== INPUT RECORDS ==
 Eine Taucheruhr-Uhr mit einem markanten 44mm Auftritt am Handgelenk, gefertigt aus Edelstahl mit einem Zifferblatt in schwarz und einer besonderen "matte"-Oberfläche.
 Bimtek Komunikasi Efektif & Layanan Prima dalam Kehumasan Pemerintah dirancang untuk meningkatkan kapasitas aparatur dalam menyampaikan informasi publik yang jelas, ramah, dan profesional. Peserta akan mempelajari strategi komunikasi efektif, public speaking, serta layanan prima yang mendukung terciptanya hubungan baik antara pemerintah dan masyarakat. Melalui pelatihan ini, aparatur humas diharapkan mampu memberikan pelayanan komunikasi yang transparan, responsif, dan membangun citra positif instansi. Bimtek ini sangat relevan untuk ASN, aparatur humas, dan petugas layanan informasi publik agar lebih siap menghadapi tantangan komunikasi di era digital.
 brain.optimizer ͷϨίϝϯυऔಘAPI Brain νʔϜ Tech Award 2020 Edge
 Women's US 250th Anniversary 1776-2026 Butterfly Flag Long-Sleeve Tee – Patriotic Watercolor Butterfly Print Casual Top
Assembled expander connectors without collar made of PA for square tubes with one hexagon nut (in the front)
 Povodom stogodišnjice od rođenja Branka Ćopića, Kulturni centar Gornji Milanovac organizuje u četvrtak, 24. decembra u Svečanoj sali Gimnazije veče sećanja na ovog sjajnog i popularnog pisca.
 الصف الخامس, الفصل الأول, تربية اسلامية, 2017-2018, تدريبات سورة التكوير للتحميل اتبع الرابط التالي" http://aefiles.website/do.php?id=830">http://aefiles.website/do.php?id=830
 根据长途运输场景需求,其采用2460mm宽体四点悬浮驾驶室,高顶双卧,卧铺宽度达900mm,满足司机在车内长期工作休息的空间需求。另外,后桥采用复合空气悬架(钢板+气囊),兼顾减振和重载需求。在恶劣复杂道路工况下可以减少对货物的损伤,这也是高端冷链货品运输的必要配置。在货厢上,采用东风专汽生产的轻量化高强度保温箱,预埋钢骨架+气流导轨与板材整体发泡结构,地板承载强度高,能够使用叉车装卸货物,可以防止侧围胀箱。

== EXERCISE DIRECTIONS ==
Word for word, extract all the records.

== RESPONSE TO THE TASK ==
 Eine Taucheruhr-Uhr mit einem markanten 44mm Auftritt am Handgelenk, gefertigt aus Edelstahl mit einem Zifferblatt in schwarz und einer besonderen "matte"-Oberfläche.
 Bimtek Komunikasi Efektif & Layanan Prima dalam Kehumasan Pemerintah dirancang untuk meningkatkan kapasitas aparatur dalam menyampaikan informasi publik yang jelas, ramah, dan profesional. Peserta akan mempelajari strategi komunikasi efektif, public speaking, serta layanan prima yang mendukung terciptanya hubungan baik antara pemerintah dan masyarakat. Melalui pelatihan ini, aparatur humas diharapkan mampu memberikan pelayanan komunikasi yang transparan, responsif, dan membangun citra positif instansi. Bimtek ini sangat relevan untuk ASN, aparatur humas, dan petugas layanan informasi publik agar lebih siap menghadapi tantangan komunikasi di era digital.
 brain.optimizer ͷϨίϝϯυऔಘAPI Brain νʔϜ Tech Award 2020 Edge
 Women's US 250th Anniversary 1776-2026 Butterfly Flag Long-Sleeve Tee – Patriotic Watercolor Butterfly Print Casual Top
Assembled expander connectors without collar made of PA for square tubes with one hexagon nut (in the front)
 Povodom stogodišnjice od rođenja Branka Ćopića, Kulturni centar Gornji Milanovac organizuje u četvrtak, 24. decembra u Svečanoj sali Gimnazije veče sećanja na ovog sjajnog i popularnog pisca.
 الصف الخامس, الفصل الأول, تربية اسلامية, 2017-2018, تدريبات سورة التكوير للتحميل اتبع الرابط التالي" http://aefiles.website/do.php?id=830">http://aefiles.website/do.php?id=830
 根据长途运输场景需求,其采用2460mm宽体四点悬浮驾驶室,高顶双卧,卧铺宽度达900mm,满足司机在车内长期工作休息的空间需求。另外,后桥采用复合空气悬架(钢板+气囊),兼顾减振和重载需求。在恶劣复杂道路工况下可以减少对货物的损伤,这也是高端冷链货品运输的必要配置。在货厢上,采用东风专汽生产的轻量化高强度保温箱,预埋钢骨架+气流导轨与板材整体发泡结构,地板承载强度高,能够使用叉车装卸货物,可以防止侧围胀箱。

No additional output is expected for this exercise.